In 2018, Rule 25 allows relief for a ball embedded in its own pitch mark when the ball is embedded in grass cut to fairway height or lower through the green. However a Committee may adopt a Local Rule that extends this relief to a ball embedded anywhere outside a water hazard, bunker, teeing ground, or putting green (i.e. “through the green”).

In 2019, the Rules will effectively be reversed. New Rule 16 will allow relief for a ball embedded in the “general area” (the new phrase that essentially replaces “through the green”) except when the ball is embedded in sand. However, a Committee may adopt a Local Rule restricting relief to a ball embedded in those parts of the general area cut to fairway height or lower.

Another change is that when taking relief, the old rule required the player to drop the original ball as near as possible to where it was embedded not nearer the hole. The new 2019 Rule requires the player to drop a ball within one club-length of (but not nearer to the hole) the spot right behind where the ball was embedded.

Basing the relief area on the reference point “right behind” the spot of the embedded ball will avoid the question of what to do when a dropped ball comes to rest in the same pitch mark. Such a ball will always be re-dropped because it came to rest outside the relief area.

So what then are the main reasons for changing the rule?
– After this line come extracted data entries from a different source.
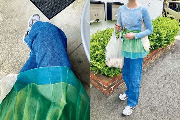 「紫外線対策でシンプルな薄手のロンTにデニムを着ることが多い夏も、ただTシャツ×デニムだとマンネリ化してしまうので、去年から巻きスカートにハマっています。 薄手のシアー 素材なのでレイヤードしても暑くなく、無理なくおしゃれを楽しめます♡」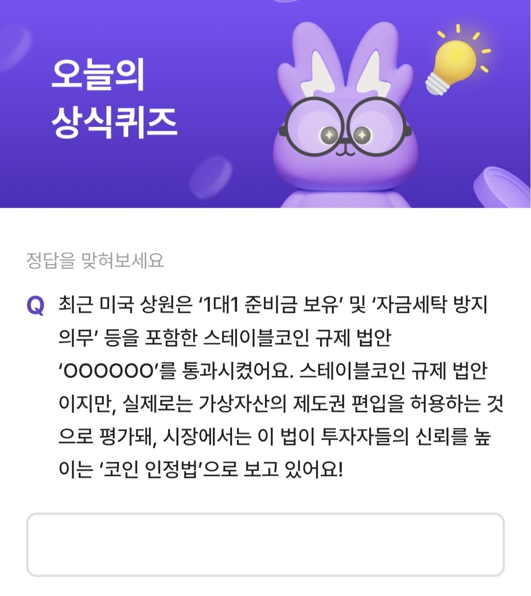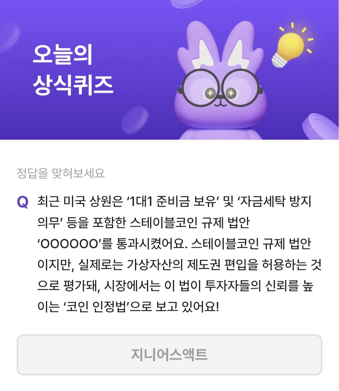 비트버니 퀴즈 6월 4일 정답은 지니어스액트 입니다.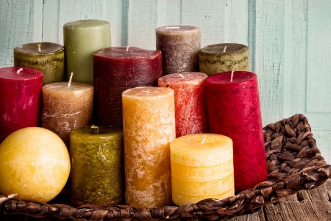 Также красители покрывают свечу жирным слоем. Если вас это не пугает, то добавляйте их во время плавления. А вот если вы хотите получить неравномерный цвет и придать колорита, то добавьте краситель в воск перед заливкой.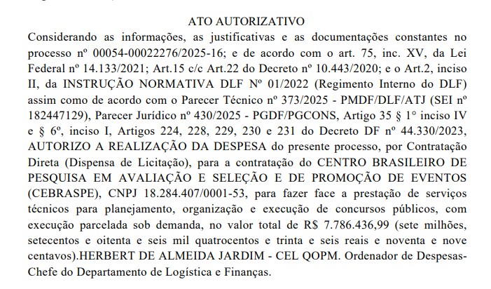 Diante dessas informações e da alta procura pelos concursos da PMDF, a banca Cebraspe se apresenta como uma organizadora experiente e confiável, por isso a sua escolha. Confira aqui a publicação no DODF com a autorização.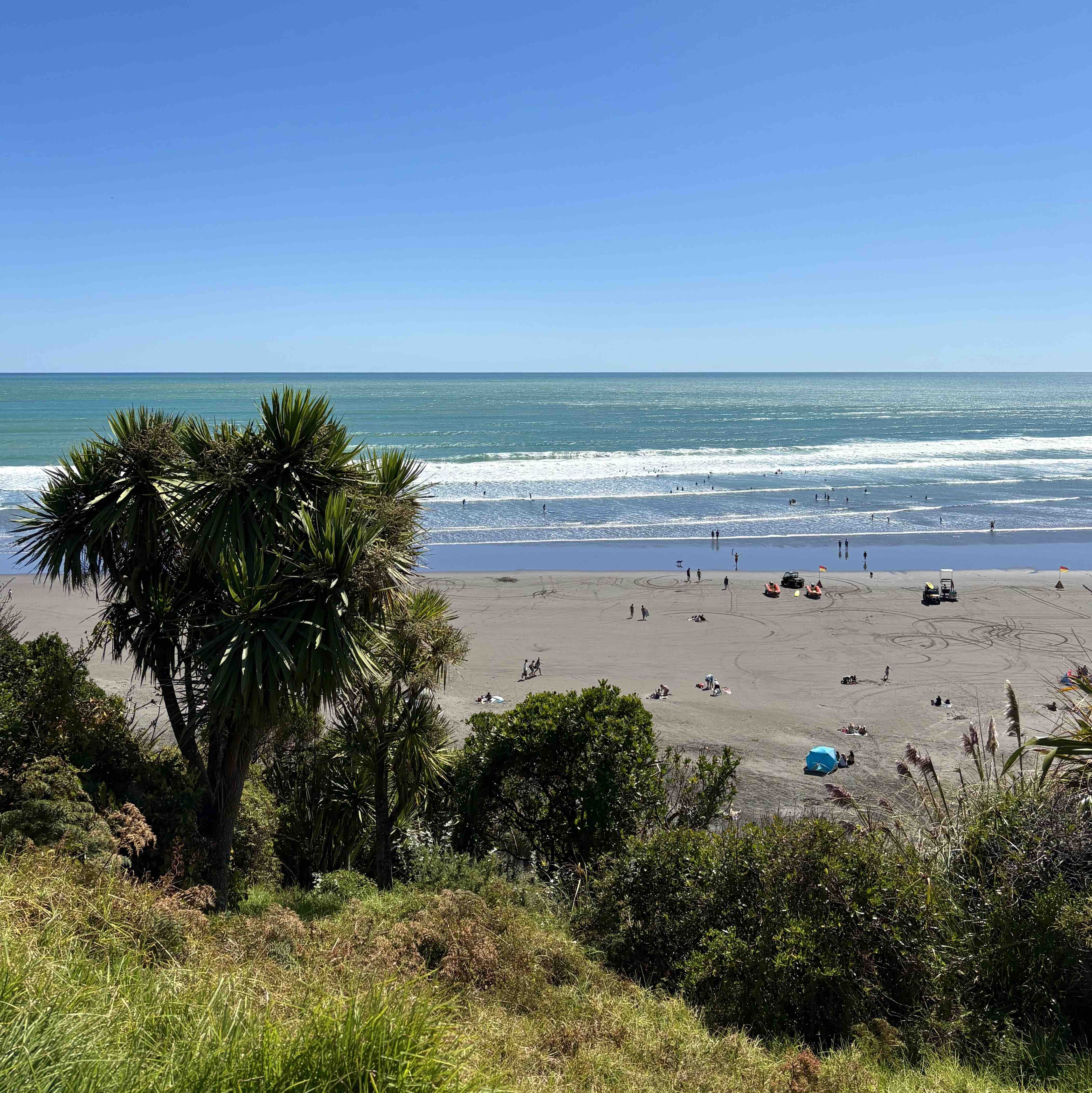 Amanecemos en esta ciudad con la intención de ir a visitar las populares Cuevas de Waitomo, donde la atracción es dar un paseo en barca por un río subterráneo viendo luciérnagas en la oscuridad. Sabíamos que queríamos verlo y por eso hicimos noche aquí, pero tampoco habíamos buscado mucha información, lo hicimos la noche anterior, y gracias a eso, decidimos no gastar 45 euros por persona para dar un paseo en barca de 10 minutos y ver algunas luciérnagas de lejos y sin poder hacer fotos, tal y como dicen muchas reseñas. La verdad es que nos pareció un atraco. Así que después del cansancio del día anterior, decidimos poner rumbo a la ciudad costera de Raglan para intentar tener un relajado día de playa en nuestro último día de estancia en la Isla Norte. Esta localidad tiene muy buen ambiente y está repleta de bares y tiendas con carácter surfero. Nos dio muy buena vibra, más aún siendo domingo, día en que se celebra un mercadillo de segunda mano y las tiendas sacan sus productos a las calles. Sumado a que hacía un día de sol esplendido y pudimos pasar un buen rato en la pintoresca playa de arena negra situada en las afueras, que presume de ser la que tiene la ola más larga de toda Nueva Zelanda.

  • Allowing relief throughout the general area is consistent with other relief rules, which do not make distinctions based on the height of the grass in the general area. In addition, allowing the ball to be dropped within a one club-length relief area ensures consistency with other free-relief Rules.
  • The current local rule has been widely adopted at all levels of play and many assume the local rule is the rule. The change will reduce confusion.
  • Using the spot “right behind” where the ball was embedded as the reference point will avoid the question of what to do when a dropped ball comes to rest in the original pitch-mark. The relief area will always be “not nearer the hole.”
  • Last but not least, having to play a ball that is stuck in soft or wet ground (whether in the fairway or the rough) should not be considered part of the normal challenge of playing a course.